Has anyone done the math on how much power one of those stupid AI images consumes?

[-] ComradeKingfisher@hexbear.net 14 points 1 day ago

Yes

spoilerEach time you use AI to generate an image, write an email, or ask a chatbot a question, it comes at a cost to the planet.

In fact, generating an image using a powerful AI model takes as much energy as fully charging your smartphone, according to a new study by researchers at the AI startup Hugging Face and Carnegie Mellon University. However, they found that using an AI model to generate text is significantly less energy-intensive. Creating text 1,000 times only uses as much energy as 16% of a full smartphone charge.

Their work, which is yet to be peer reviewed, shows that while training massive AI models is incredibly energy intensive, it’s only one part of the puzzle. Most of their carbon footprint comes from their actual use.

The study is the first time researchers have calculated the carbon emissions caused by using an AI model for different tasks, says Sasha Luccioni, an AI researcher at Hugging Face who led the work. She hopes understanding these emissions could help us make informed decisions about how to use AI in a more planet-friendly way.

Luccioni and her team looked at the emissions associated with 10 popular AI tasks on the Hugging Face platform, such as question answering, text generation, image classification, captioning, and image generation. They ran the experiments on 88 different models. For each of the tasks, such as text generation, Luccioni ran 1,000 prompts, and measured the energy used with a tool she developed called Code Carbon. Code Carbon makes these calculations by looking at the energy the computer consumes while running the model. The team also calculated the emissions generated by doing these tasks using eight generative models, which were trained to do different tasks.

Generating images was by far the most energy- and carbon-intensive AI-based task. Generating 1,000 images with a powerful AI model, such as Stable Diffusion XL, is responsible for roughly as much carbon dioxide as driving the equivalent of 4.1 miles in an average gasoline-powered car. In contrast, the least carbon-intensive text generation model they examined was responsible for as much CO2 as driving 0.0006 miles in a similar vehicle. Stability AI, the company behind Stable Diffusion XL, did not respond to a request for comment.

AI startup Hugging Face has undertaken the tech sector’s first attempt to estimate the broader carbon footprint of a large language model.

The study provides useful insights into AI’s carbon footprint by offering concrete numbers and reveals some worrying upward trends, says Lynn Kaack, an assistant professor of computer science and public policy at the Hertie School in Germany, where she leads work on AI and climate change. She was not involved in the research.

These emissions add up quickly. The generative-AI boom has led big tech companies to integrate powerful AI models into many different products, from email to word processing. These generative AI models are now used millions if not billions of times every single day.

The team found that using large generative models to create outputs was far more energy intensive than using smaller AI models tailored for specific tasks. For example, using a generative model to classify movie reviews according to whether they are positive or negative consumes around 30 times more energy than using a fine-tuned model created specifically for that task, Luccioni says. The reason generative AI models use much more energy is that they are trying to do many things at once, such as generate, classify, and summarize text, instead of just one task, such as classification.

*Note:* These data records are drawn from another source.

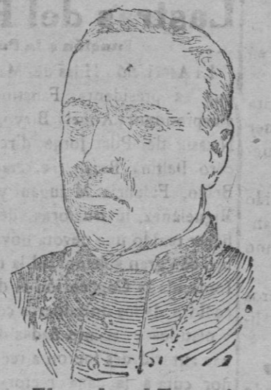
El cardenal Ferrari,

que se halla gravemente enfermo y que se teme un rápido y funesto desenlace.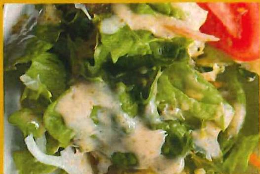
FRESH SALAD フレッシュサラダ ¥ 390 新単なキャベツとニンジンとレタスで出来上がりサラダ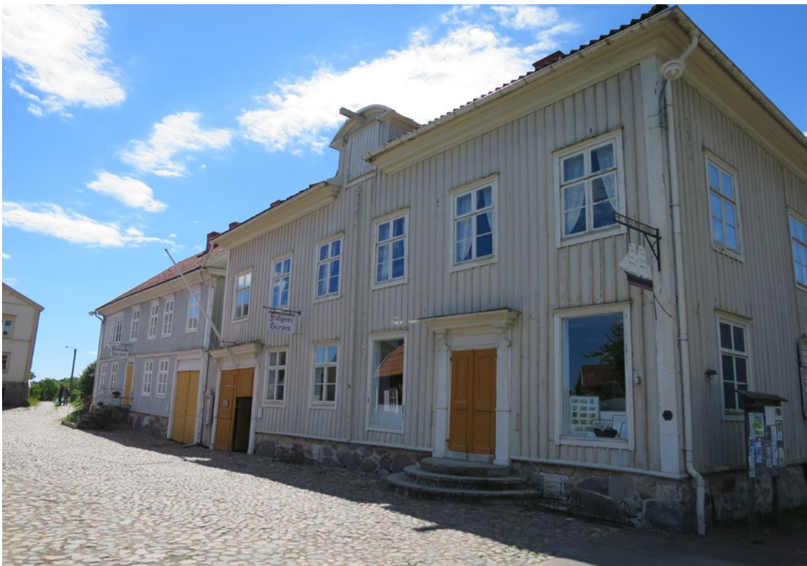
Fasader före åtgärd.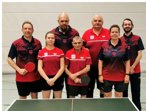
SKN Brno – GSV Düsseldorf II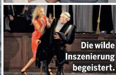
Die wilde Inszenierung begeistert.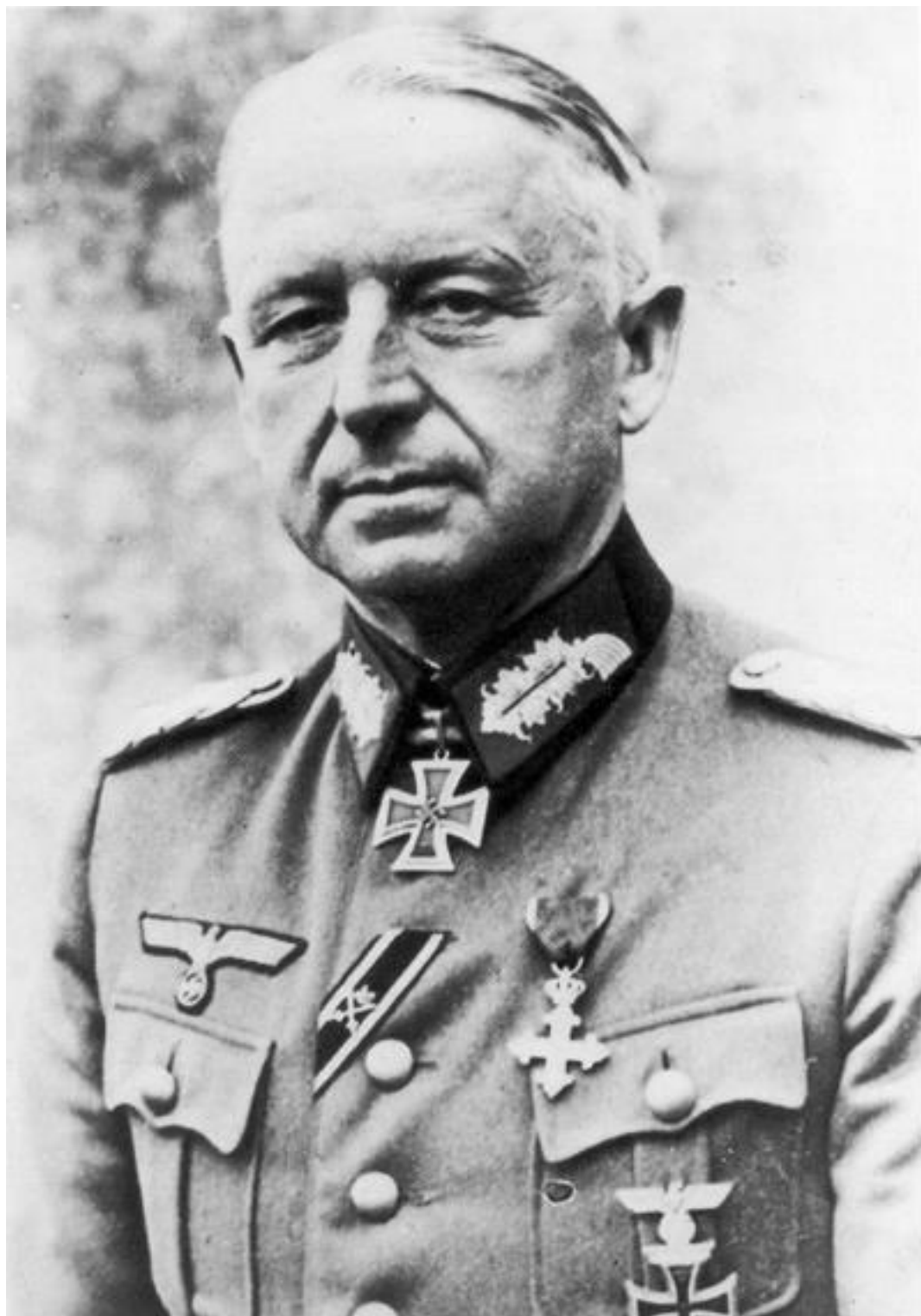
Командующий 11-й армией Э. фон Манштейн. На момент вступления в должность в сентябре 1941 г. – генерал пехоты.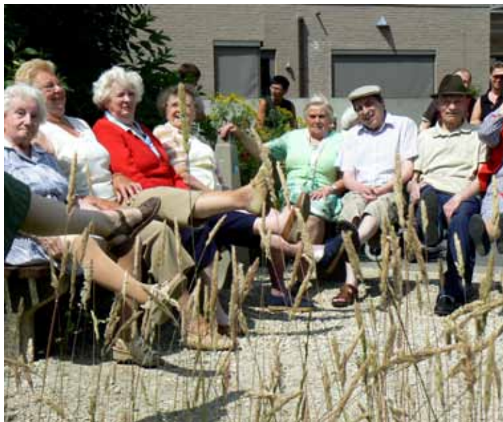
Zelfredzaamheid en geestelijke helderheid bepalen mee opnameprioriteit.

Een andere mogelijke oplossing is een inschrijving bij het Vlaams Agentschap Voor Personen met een Handicap (VAPH). "Die organisatie veranderde al enkele keren van naam. Het huidige webadres is www.vaph.be . Je moet je inschrijven voor je 65ste verjaardag en een al dan niet toekomstige mate van hulpbehoefte kunnen aantonen. Het VAPH bezorgt je dan een lijst van de zogenaamde tehuizen voor niet-werkenden in je regio, waarmee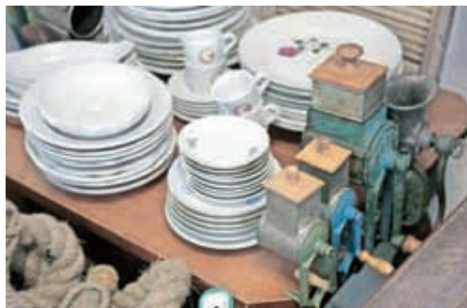
Napredaj so pohištvo, mali gospodinjski aparati, igrače, posode, knjige, kolesa ...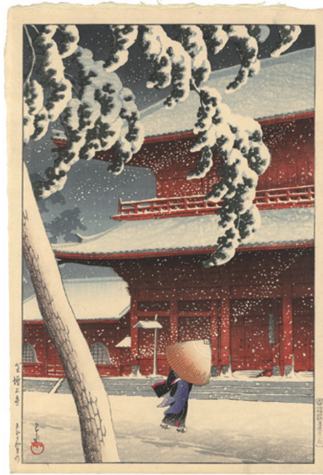
122 川瀬巴水 芝増上寺 木版 渡辺版 36.2 × 24 大正 14 年 (1925) 750,000 円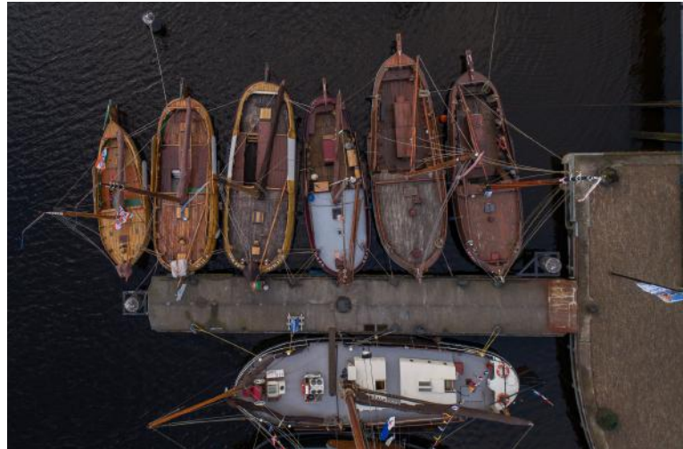
Het Skootje (helemaal links) samen met Wieringer en Lemmer Aken en Boppers tijdens de EOC-Traditionele Schepenbeurs in november 2017 in Den Helder.

Voor houten schepen is het een voordeel als ze een deel van het jaar op zout water liggen: het zeewater heeft een conserverende werking op het hout van de schepen.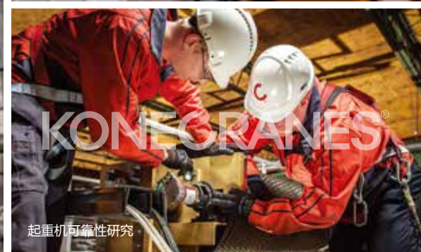
起重机可靠性研究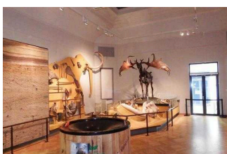
Museum für Naturkunde Magdeburg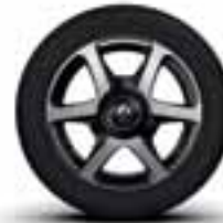
Aluminijski naplatci 15" Argos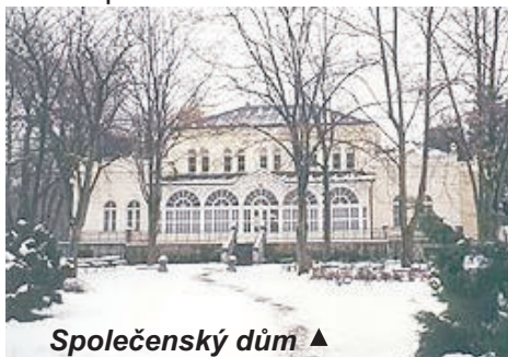
Společenský dům ▲

Lázně Darkov (staré lázně) jsou jedny z nejstarších jodobromových u nás. Lázeňský areál je tvořen parkem o rozloze 22 ha, ve kterém jsou umístěny jednotlivé lázeňské budovy včetně hlavní budovy Sanatoria a Společenského domu. V parku je umístěna řada plastik, z nichž jedna "Pramen života" od J. Kodeta představuje současný symbol lázní. Nedaleko Sanatoria se pne přes řeku Olši betonový obloukový most, který je cennou technickou památkou.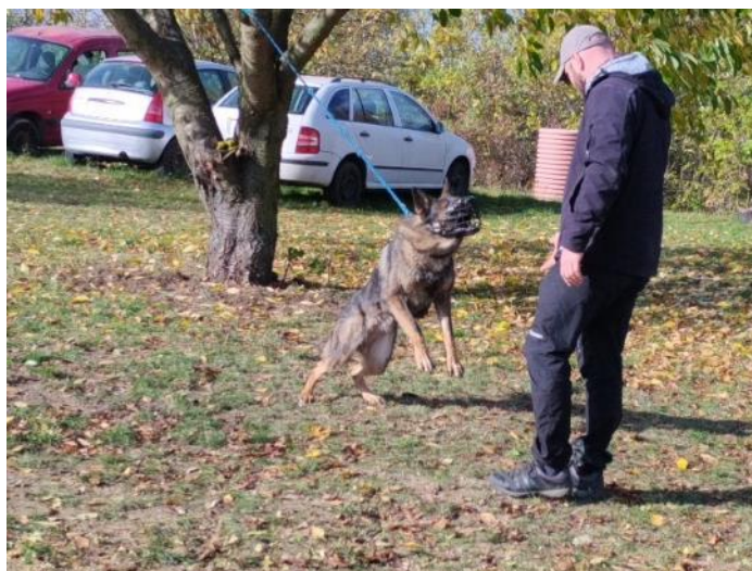
Obr. 7 Reakce psa na cizí osobu

Luccioni says she hopes the research will encourage people to be choosier about when they use generative AI and opt for more specialized, less carbon-intensive models where possible.

“If you’re doing a specific application, like searching through email … do you really need these big models that are capable of anything? I would say no,” Luccioni says.

The energy consumption associated with using AI tools has been a missing piece in understanding their true carbon footprint, says Jesse Dodge, a research scientist at the Allen Institute for AI, who was not part of the study.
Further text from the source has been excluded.